Sebelumnya, istilah kekerasan seksual tidak dikenal di Indonesia. Indonesia hanya mengenal tindakan cabul yang diatur dalam Pasal 289 - Pasal 296 KUHP. Dalam aturan tersebut, tindakan cabul sangat gender based karena yang dianggap korban hanya wanita, tidak ada ganti kerugian bagi korban, tidak diatur juga terkait pendampingan bagi korban, lalu kekerasan seksual masih sebatas kekerasan yang dilakukan secara fisik. 

Padahal seperti kita tahu, kekerasan seksual ini tidak hanya menimpa perempuan, tetapi juga laki-laki. Definisi cabul juga sangat terbatas, sehingga adanya RUU TPKS yang memiliki definisi lebih luas, tidak hanya kekerasan secara fisik tetapi juga mental, dan aturan mengenai hak dan penanganan yang lebih humanis terhadap para penyintas kasus kekerasan seksual bisa menjadi angin segar bagi kita semua.
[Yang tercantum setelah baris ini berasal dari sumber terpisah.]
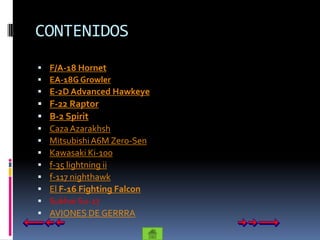 Este documento proporciona información sobre varios aviones de guerra importantes, incluidos sus nombres, precios y breves descripciones de sus capacidades y roles. Entre los aviones discutidos se encuentran el F/A-18 Hornet, EA-18G Growler, E-2D Advanced Hawkeye, F-22 Raptor, B-2 Spirit, Caza Azarakhsh, Mitsubishi A6M Zero-Sen y otros.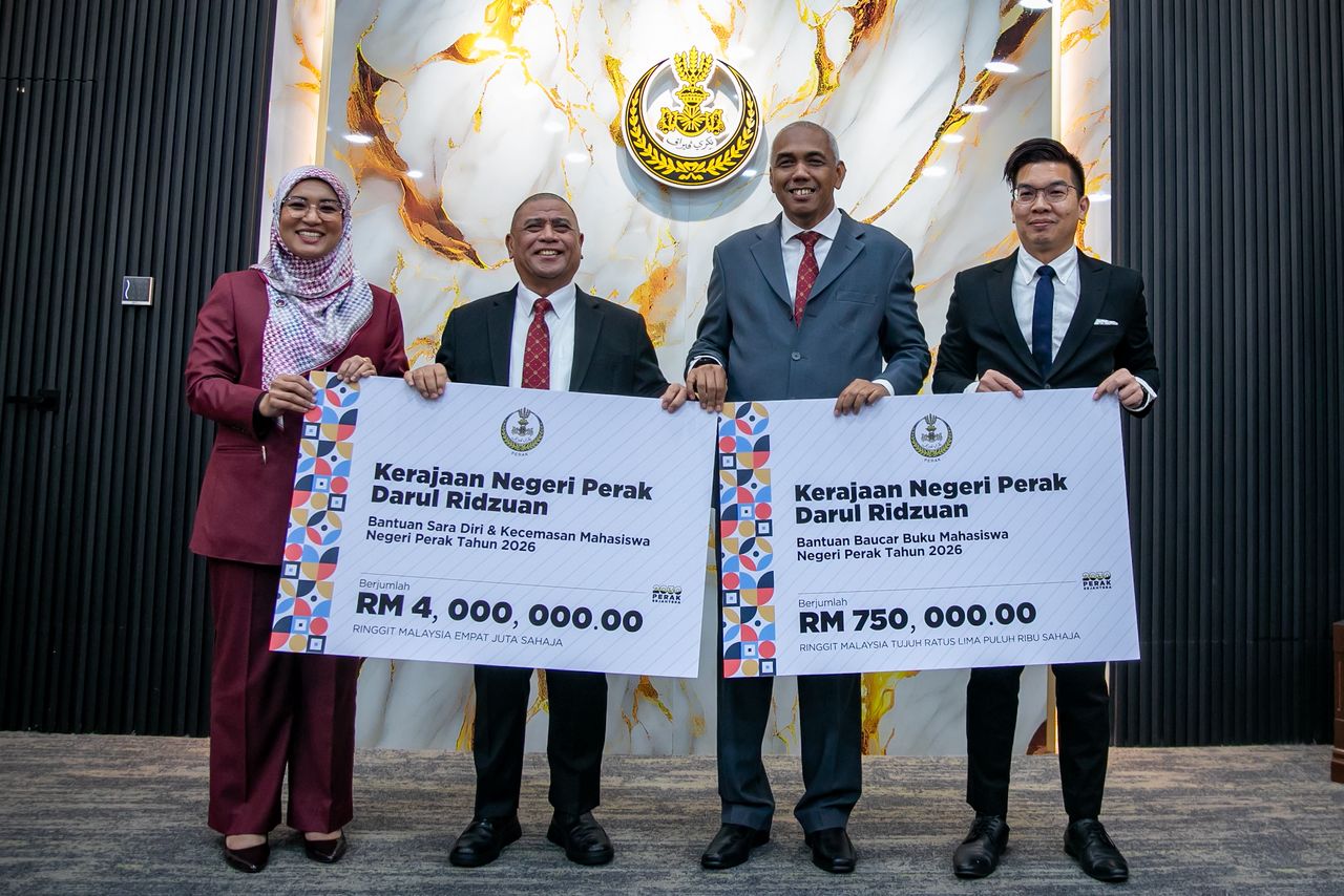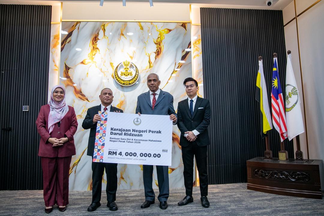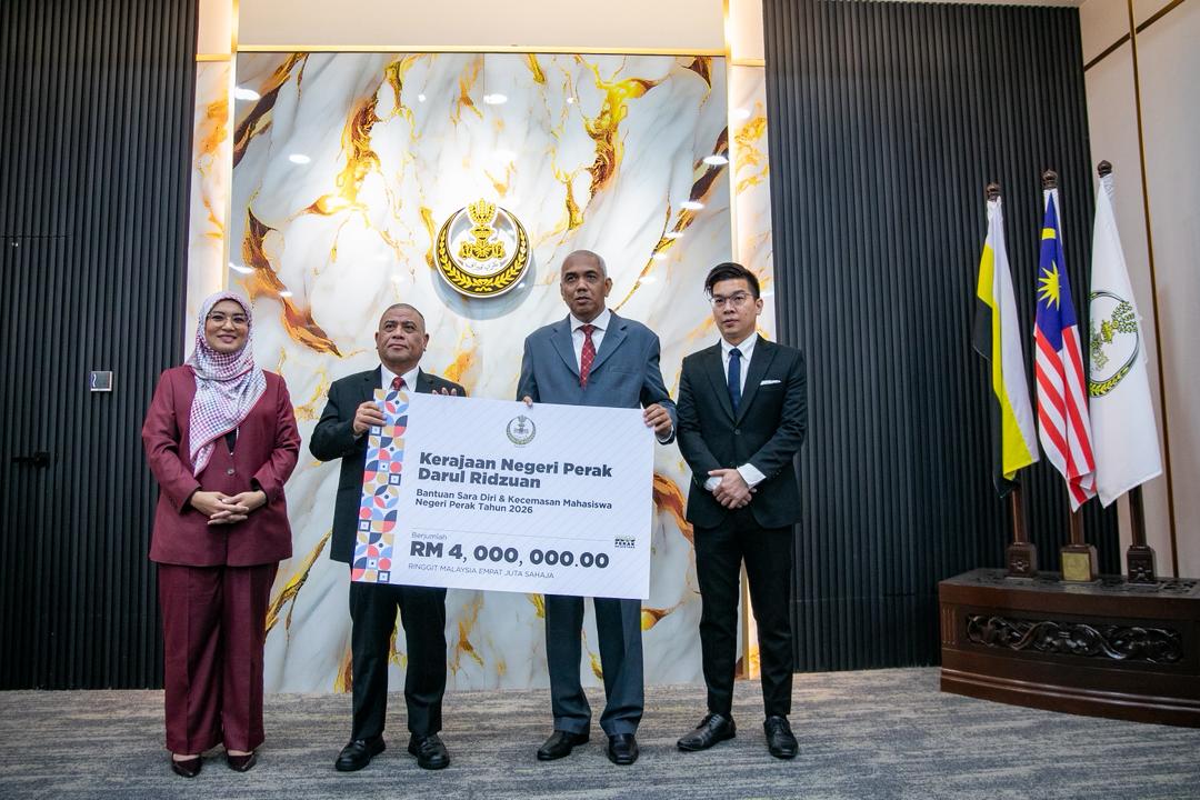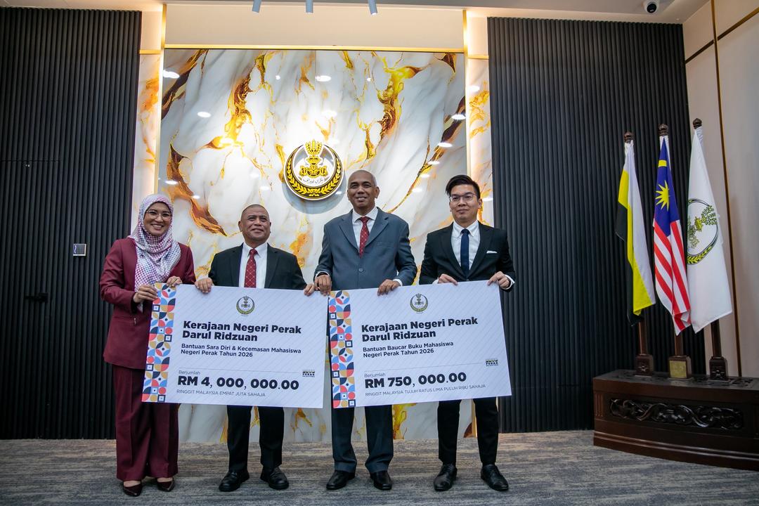 Sedang berlangsung Majlis Pelancaran Bantuan Sara Diri & Kecemasan serta Baucar Buku Mahasiswa Anak Perak bagi tahun 2026.

Selain itu, dalam kasus kekerasan seksual pada umumnya, seringkali korban dipersekusi. Pada RUU TPKS Pasal 33, penyintas memiliki hak kerahasiaan identitas dan hak untuk tidak dituntut pidana dan digugat perdata atas laporan peristiwa kekerasan seksual yang menimpa keluarganya.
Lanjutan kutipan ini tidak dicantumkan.